From the Guidelines
Treatment is generally not required for Atropobium vaginae positive but BV negative patients unless they are experiencing symptoms. Atropobium vaginae can be present in the vaginal microbiome without causing bacterial vaginosis (BV) 1. If you have tested positive for Atropobium vaginae but negative for BV, treatment is not necessary unless you are experiencing symptoms such as abnormal discharge, odor, itching, or discomfort.
Key Considerations
- Atropobium vaginae is a bacterium commonly associated with BV but can exist as part of the normal vaginal flora in some women without causing problems.
- The presence of Atropobium vaginae without BV may indicate a shift in your vaginal microbiome that hasn't yet developed into full BV.
- Maintaining good vaginal health through proper hygiene, avoiding douching, and using condoms can help prevent disruption of your vaginal flora.

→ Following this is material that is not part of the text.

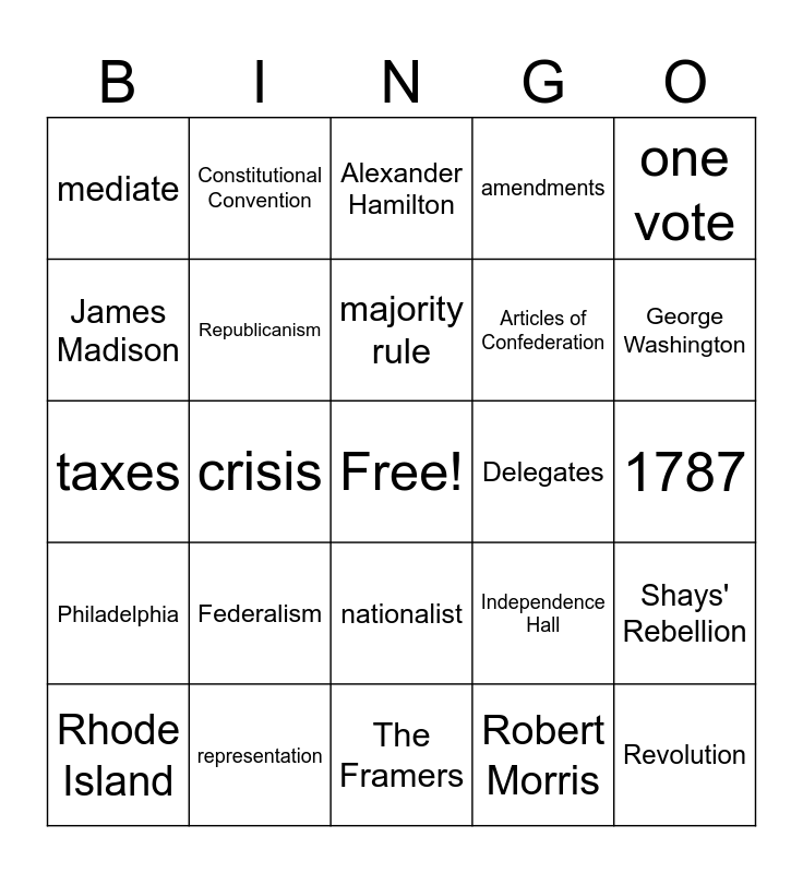 This bingo card has a free space and 28 words: Shays' Rebellion, weak central government, Articles of Confederation, Robert Morris, James Madison, Alexander Hamilton, Constitutional Convention, Philadelphia, Delegates, Rhode Island, taxes, amendments, representation, The Framers, George Washington, Benjamin Franklin, Federalism, Republicanism, majority rule, nationalist, mediate, credibility, Revolution, crisis, 1787, Independence Hall, one vote and reform.

- Regular monitoring may be advised if you have a history of recurrent BV, as Atropobium vaginae can be associated with BV recurrence in some cases.
Treatment Options
If symptoms develop, your healthcare provider might recommend metronidazole (500mg orally twice daily for 7 days) or clindamycin (300mg orally twice daily for 7 days) if treatment becomes necessary, as these treatments have been shown to reduce post-operative infectious complications in patients with BV 1.
From the Research
Atopobium vaginae and Bacterial Vaginosis
- Atopobium vaginae is a bacterium that has been associated with bacterial vaginosis (BV) 2, 3, 4, 5.
- Studies have shown that A. vaginae is present in a majority of BV-positive patients, and its presence is thought to play a role in the pathophysiology of BV 2, 4.
- A. vaginae has been shown to be resistant to some antimicrobial substances, including metronidazole, which is a commonly used treatment for BV 3, 4.
- The presence of A. vaginae in BV-associated biofilms has been described, and its resistance to antimicrobial substances may have a major impact on treatment outcome 2.
Treatment Options
- Dequalinium chloride (Fluomycin®) has been shown to be effective against A. vaginae and other BV-associated bacteria, and may be a valid therapeutic option for BV treatment 2.
- Nifuratel has also been shown to be effective against A. vaginae, and may be a suitable alternative to metronidazole and clindamycin 3.
- Secnidazole, a 5-nitroimidazole, has been shown to have similar in vitro activity against BV-associated bacteria, including A. vaginae, compared to metronidazole and tinidazole 6.
- Clindamycin has been shown to have greater activity against A. vaginae and other BV-associated bacteria, but may also affect lactobacilli, which are beneficial bacteria in the vagina 6.
Diagnosis and Prevalence
- BV is the most common vaginal disorder in reproductive-age women, and is characterized by a change in vaginal flora away from predominantly Lactobacillus species 2, 5.
- The diagnosis of BV is based on Amsel's clinical criteria and/or a gram stain based on the Nugent score, but molecular biology-based methods are being developed as alternative diagnostic tools 5.
- A. vaginae has been detected in a majority of BV-positive patients, but its presence is not exclusive to BV, and it can also be detected in normal vaginal flora 4.